◆ **Problem details**:
Please transcribe exactly the lines from the first line of the records below through the line containing "12ft Power Cord", including both, and omit all pictures.

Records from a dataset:
——

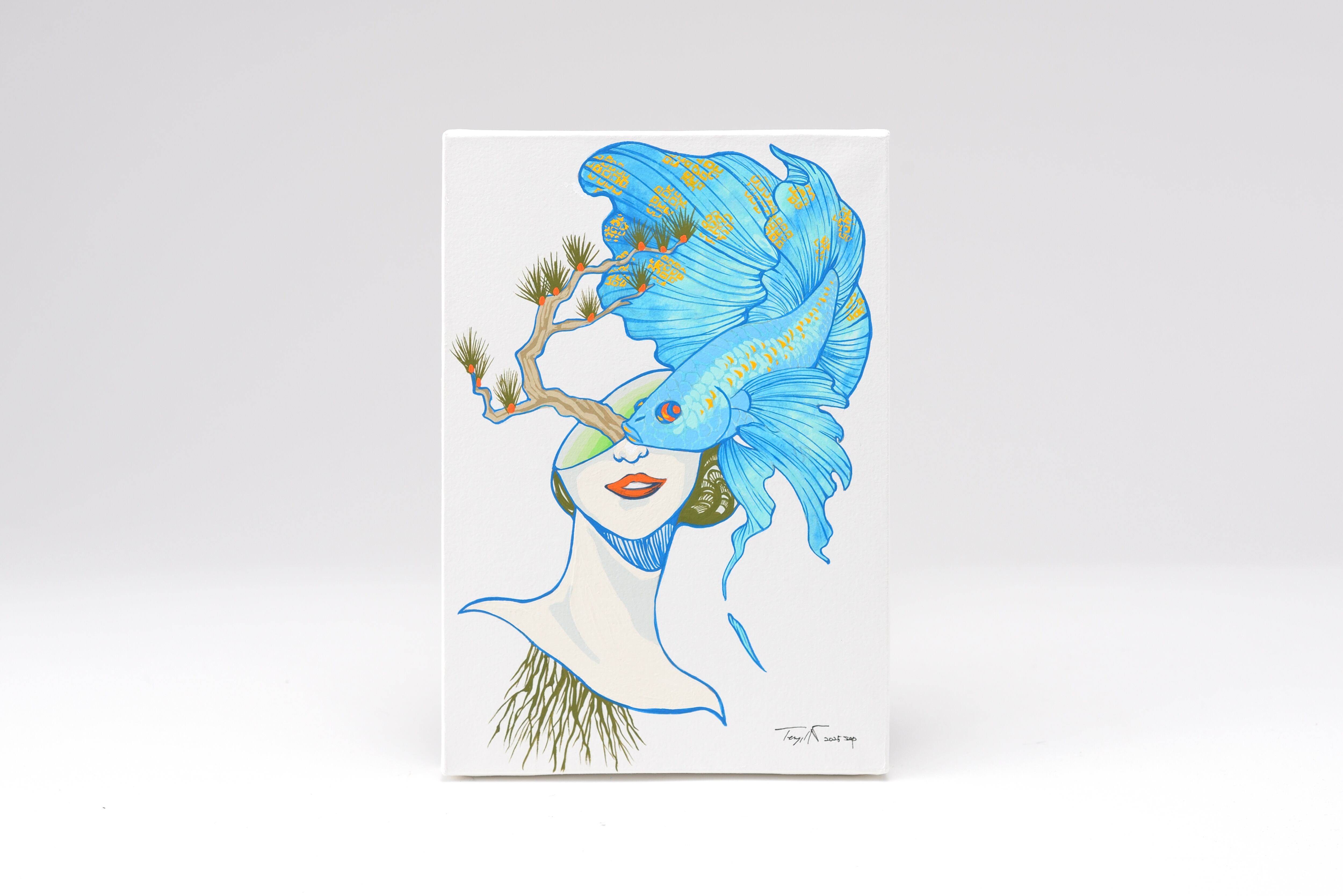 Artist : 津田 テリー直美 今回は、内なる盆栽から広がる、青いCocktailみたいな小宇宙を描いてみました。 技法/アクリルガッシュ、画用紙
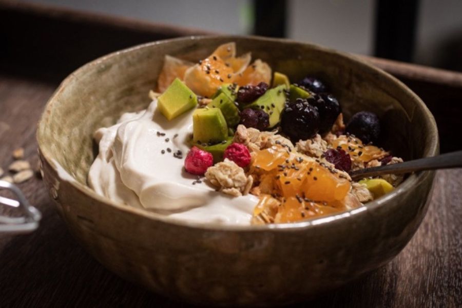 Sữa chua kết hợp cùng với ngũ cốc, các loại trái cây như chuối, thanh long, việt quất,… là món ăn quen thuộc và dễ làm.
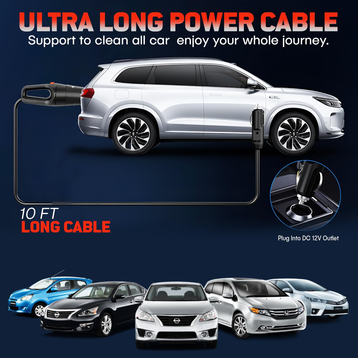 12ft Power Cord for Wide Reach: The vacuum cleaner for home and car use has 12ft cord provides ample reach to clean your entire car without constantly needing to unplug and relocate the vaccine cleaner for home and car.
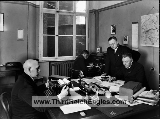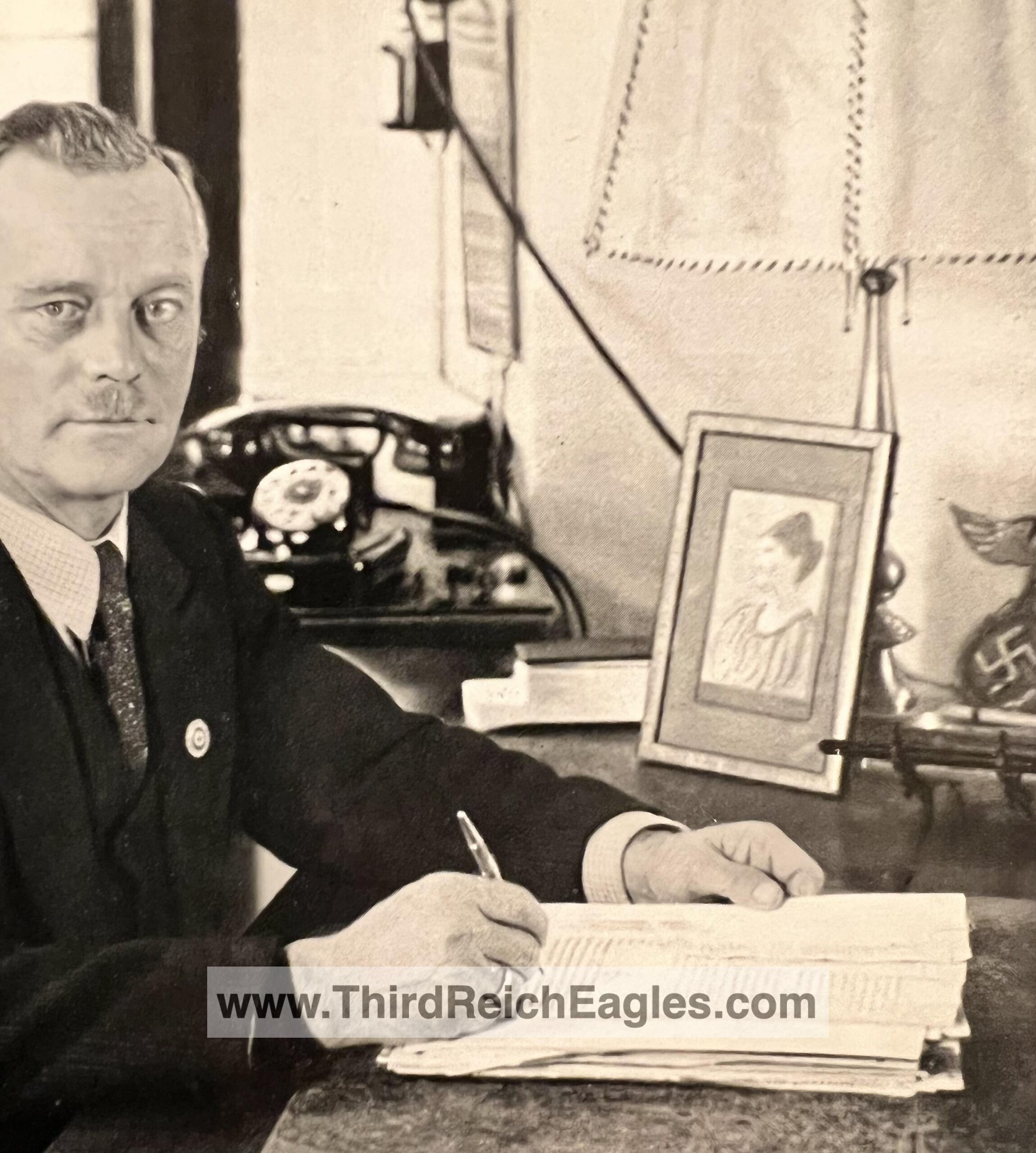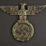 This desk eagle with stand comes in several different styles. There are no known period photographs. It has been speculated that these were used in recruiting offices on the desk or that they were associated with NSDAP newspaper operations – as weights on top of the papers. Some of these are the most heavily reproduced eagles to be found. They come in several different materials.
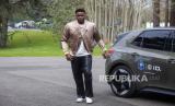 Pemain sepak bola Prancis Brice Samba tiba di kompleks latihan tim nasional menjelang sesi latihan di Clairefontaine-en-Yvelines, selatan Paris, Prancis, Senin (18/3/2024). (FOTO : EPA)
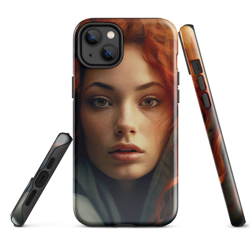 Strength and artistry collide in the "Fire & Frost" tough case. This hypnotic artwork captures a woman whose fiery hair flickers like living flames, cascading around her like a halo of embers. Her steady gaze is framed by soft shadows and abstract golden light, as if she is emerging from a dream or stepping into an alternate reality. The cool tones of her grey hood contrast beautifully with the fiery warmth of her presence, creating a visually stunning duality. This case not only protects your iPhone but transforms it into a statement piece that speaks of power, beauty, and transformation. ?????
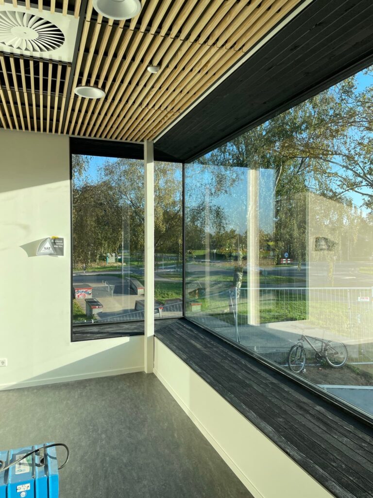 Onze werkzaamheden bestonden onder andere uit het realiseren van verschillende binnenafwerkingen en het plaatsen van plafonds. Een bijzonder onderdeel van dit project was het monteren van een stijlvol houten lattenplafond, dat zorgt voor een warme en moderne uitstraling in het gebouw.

——

◆ **The answer**:
 Artist : 津田 テリー直美 今回は、内なる盆栽から広がる、青いCocktailみたいな小宇宙を描いてみました。 技法/アクリルガッシュ、画用紙
 Sữa chua kết hợp cùng với ngũ cốc, các loại trái cây như chuối, thanh long, việt quất,… là món ăn quen thuộc và dễ làm.
 12ft Power Cord for Wide Reach: The vacuum cleaner for home and car use has 12ft cord provides ample reach to clean your entire car without constantly needing to unplug and relocate the vaccine cleaner for home and car.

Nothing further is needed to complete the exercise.